» **Task prompt**:
Pictures stay out of the copy. Transcribe exactly, and only, the line with "经过删减和整理,也就是保存下" through the last line of the entries below.

» **Records shown**:
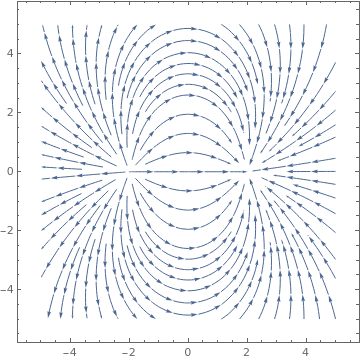 projector[{x_, y_, z_}] := {x, y} VectorPlot[ projector[ charge[1, {0, 4, 0}][x, y, 0] + charge[-1, {0, -4, 0}][x, y, 0]], {x, -10, 10}, {y, -10, 10}]; StreamPlot[ projector[ charge[1, {-2, 0, 0}][x, y, 0] + charge[-1, {2, 0, 0}][x, y, 0]], {x, -5, 5}, {y, -5, 5}] |
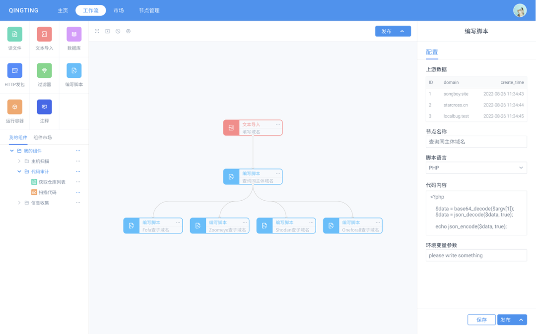 蜻蜓安全工作台是一个安全工具编排平台,旨在将安全工程师日常工作中涉及到的各种工具、流程进行自动化编排,从而提升每一位安全工程师的工作效率。平台集成市面上主流的安全工具,并按照工作场景进行编排。会上,汤青松向观众演示了“蜻蜓安全”的使用方法。
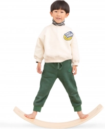 Die gewölbte Form regt Kinder zum Schaukeln, Stehen und Posieren an und fördert so Koordination, Stabilität und die Körpermitte – sicher und spielerisch.
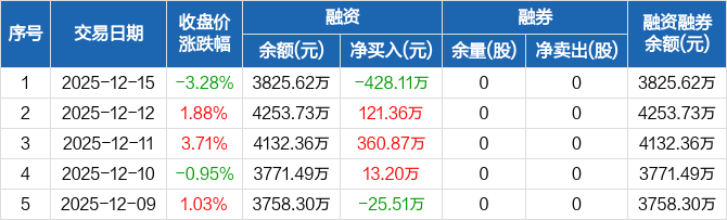 普蕊斯:融资净偿还428.11万元,融资余额3825.62万元(12-15)
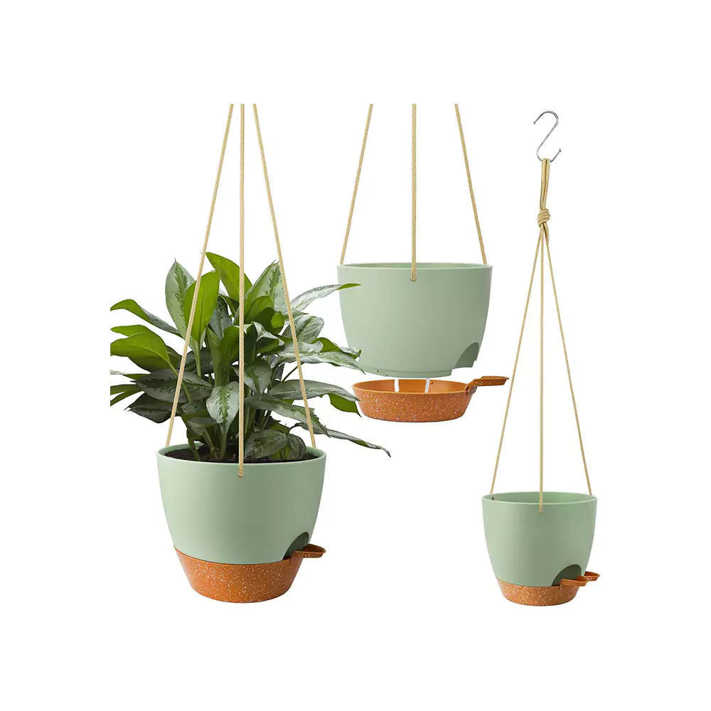 • 🍀【Environmentally Material, Easy to Clean】Adopt plastic Self Watering Hanging Pots made of PP material, durable recyclable plastic, protect plants and soil. The high-quality polypropylene planter feels sturdy without being too heavy. The modern matte finish is elegant and the planter is easy to clean. These indoor plant pots are the perfect gardening gift for mom, dad, sister or plant lover friend.
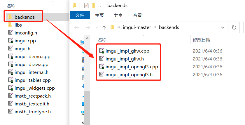 经过删减和整理,也就是保存下来下面这些文件,在正常情况下就可以将example_glfw_opengl3的demo运行起来了。libs是直接从原来的examples中复制出来没有删减。
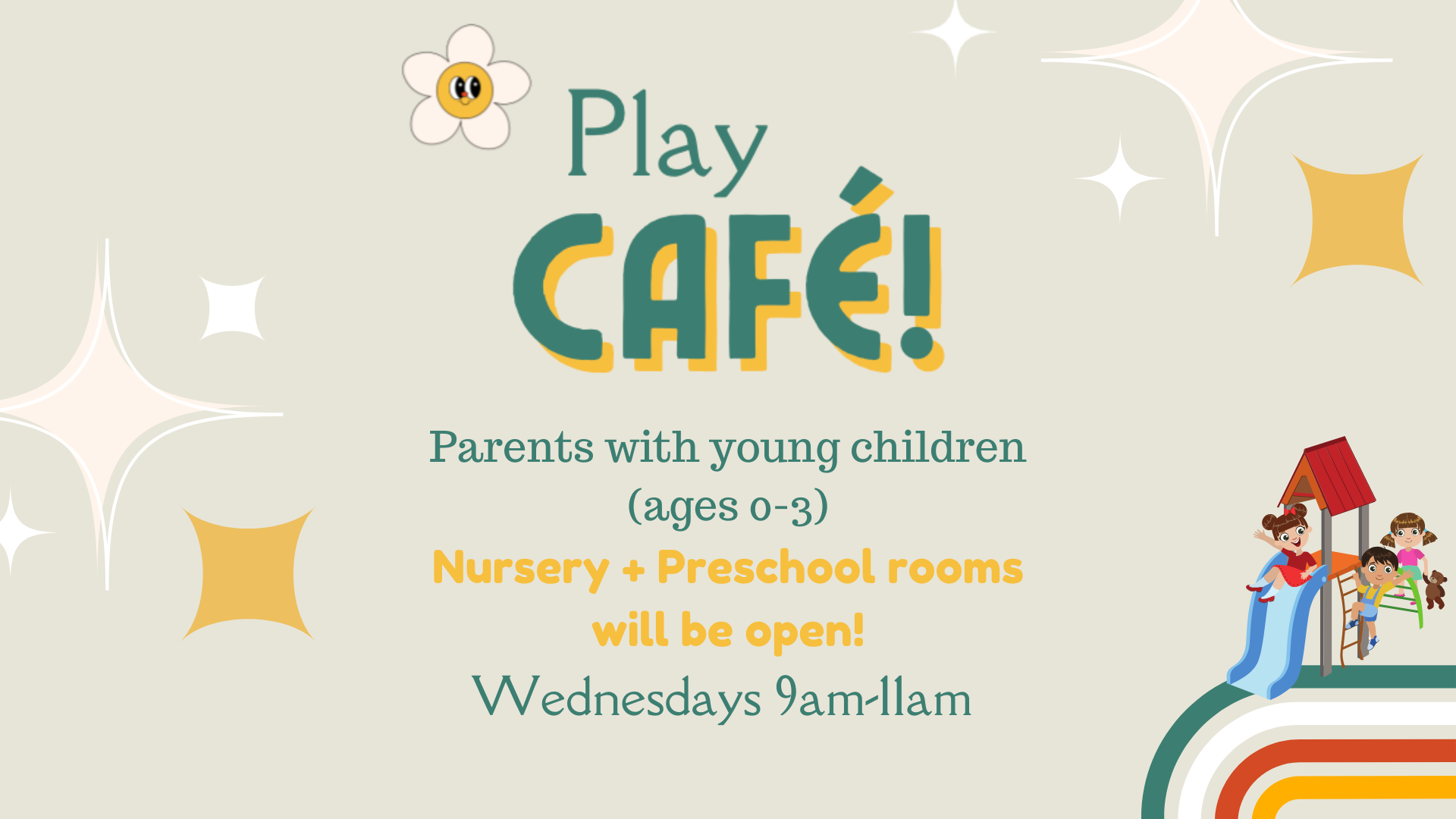 Parents with young children (ages 0-3) are invited to our Play Café hosted at Glad Tidings Church! Nursery & Preschool rooms will be open for unsupervised play and time connecting with other parents. Join us on Wednesdays from 9am-11am and invite your friends too!
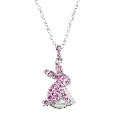 Sterling Silver Lab Created Pink Sapphire Bunny Pendant Necklace Very well made.

» **Output for this task**:
 经过删减和整理,也就是保存下来下面这些文件,在正常情况下就可以将example_glfw_opengl3的demo运行起来了。libs是直接从原来的examples中复制出来没有删减。
 Parents with young children (ages 0-3) are invited to our Play Café hosted at Glad Tidings Church! Nursery & Preschool rooms will be open for unsupervised play and time connecting with other parents. Join us on Wednesdays from 9am-11am and invite your friends too!
 Sterling Silver Lab Created Pink Sapphire Bunny Pendant Necklace Very well made.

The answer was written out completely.